▶ [Problem description] Please retype the data below line for line and leave out every picture.
Data provided START
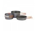 Миття посуду після приготування їжі в кемпінгу - це досить тривалий і виснажливий процес. А часом в поході, при дефіциті води, це практично неможливо. Однак з набором алюмінієвого посуду Vango 4 Person Non-Stick Cook Kit, що має антипригарне покриття - все стає набагато простіше. Досить використовувати невелику кількість води, м'яку мочалку і, при необхідності, миючий засіб. Набір посуду Vango 4 Person Non-Stick Cook Kit спочатку призначений для чотирьох чоловік і складається з двох каструль з ручками і кришками різного діаметру, сковорідки з ручкою і чотирьох чашок.
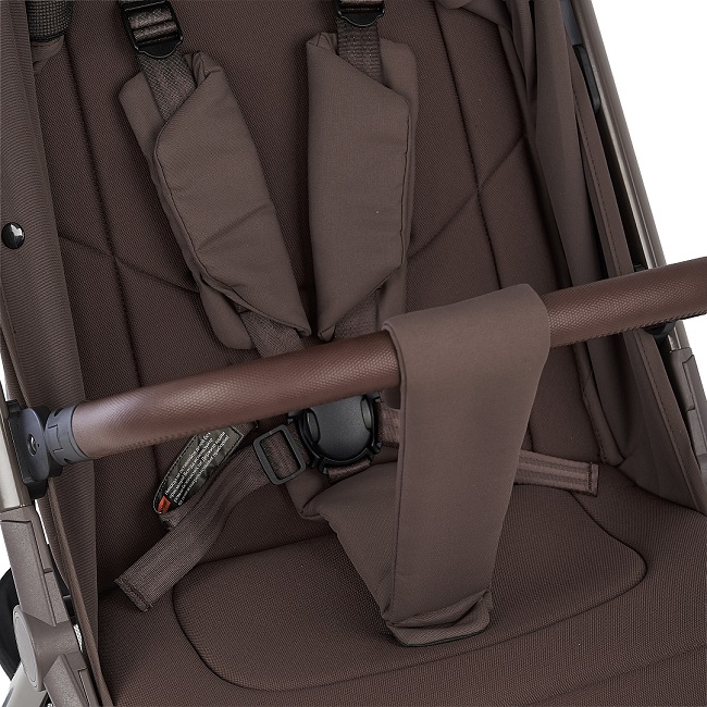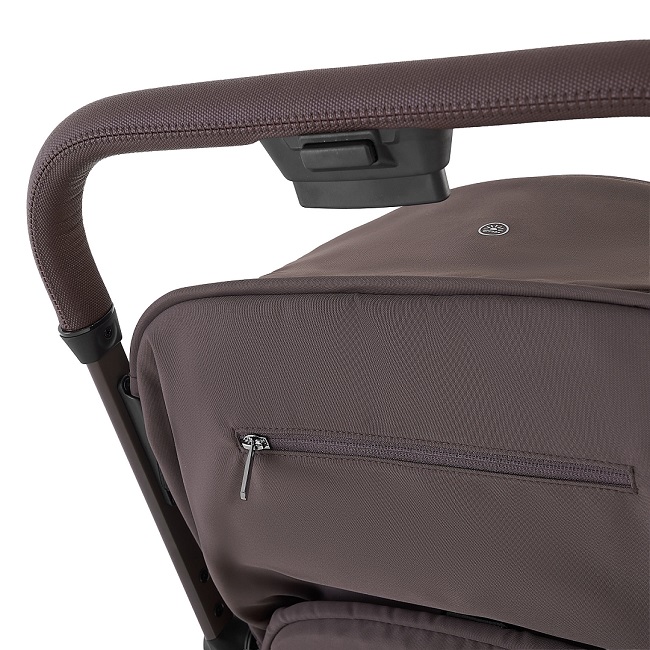 Ручка коляски покрыта премиальной экокожей и имеет универсальный хват, подходящий для родителей любого роста.
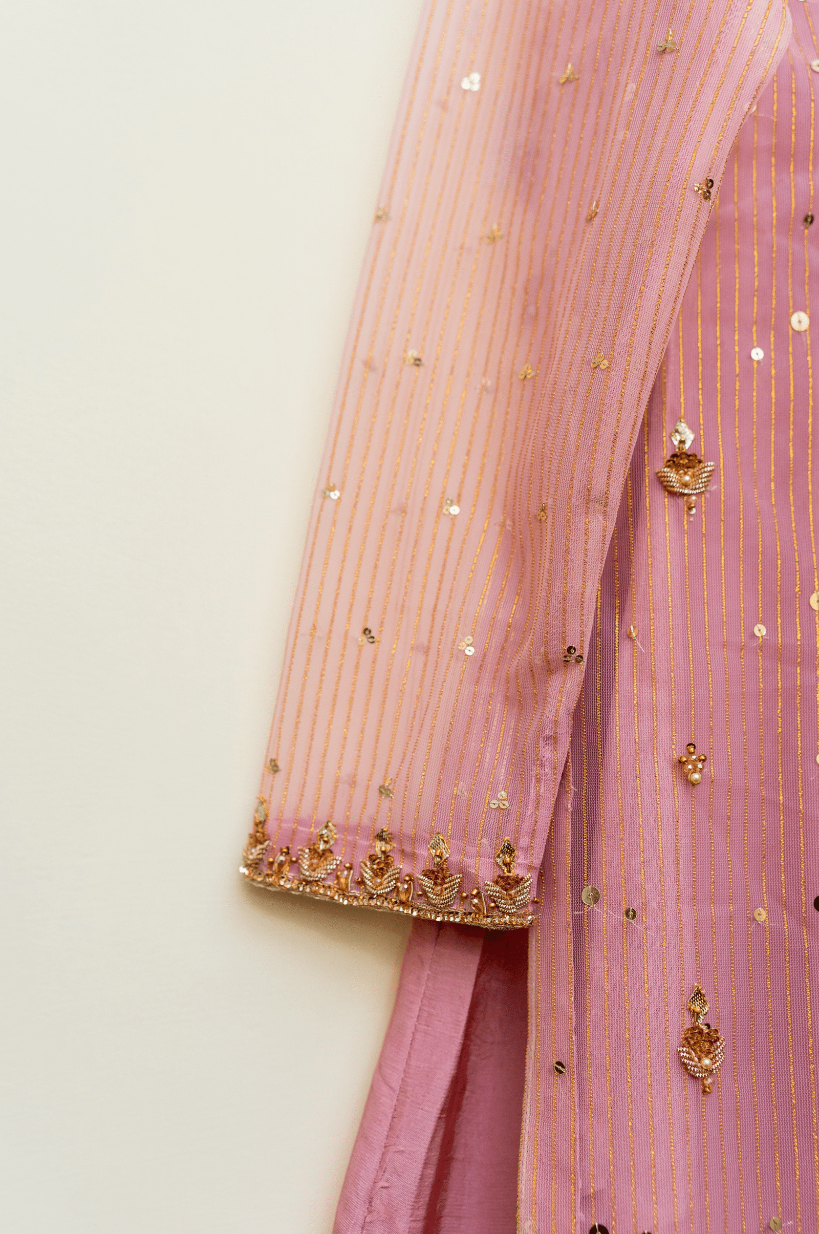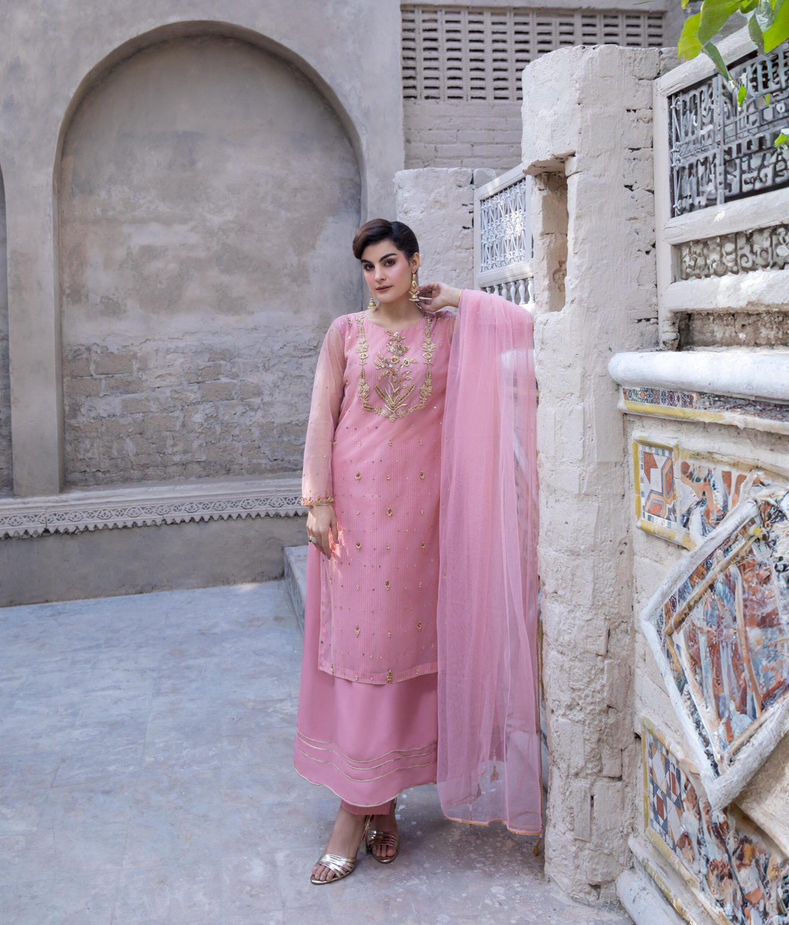 Pink Three-Piece Ensemble features a net shirt with an inner slip, neckline and boti embellishments in dabka, moti, crystal, sitara, and gota, paired with a raw silk trouser and a net dupatta with tassels. Soft, elegant, and effortlessly beautiful.
Data provided END
▶ [Your solution]
 Миття посуду після приготування їжі в кемпінгу - це досить тривалий і виснажливий процес. А часом в поході, при дефіциті води, це практично неможливо. Однак з набором алюмінієвого посуду Vango 4 Person Non-Stick Cook Kit, що має антипригарне покриття - все стає набагато простіше. Досить використовувати невелику кількість води, м'яку мочалку і, при необхідності, миючий засіб. Набір посуду Vango 4 Person Non-Stick Cook Kit спочатку призначений для чотирьох чоловік і складається з двох каструль з ручками і кришками різного діаметру, сковорідки з ручкою і чотирьох чашок.
 Ручка коляски покрыта премиальной экокожей и имеет универсальный хват, подходящий для родителей любого роста.
 Pink Three-Piece Ensemble features a net shirt with an inner slip, neckline and boti embellishments in dabka, moti, crystal, sitara, and gota, paired with a raw silk trouser and a net dupatta with tassels. Soft, elegant, and effortlessly beautiful.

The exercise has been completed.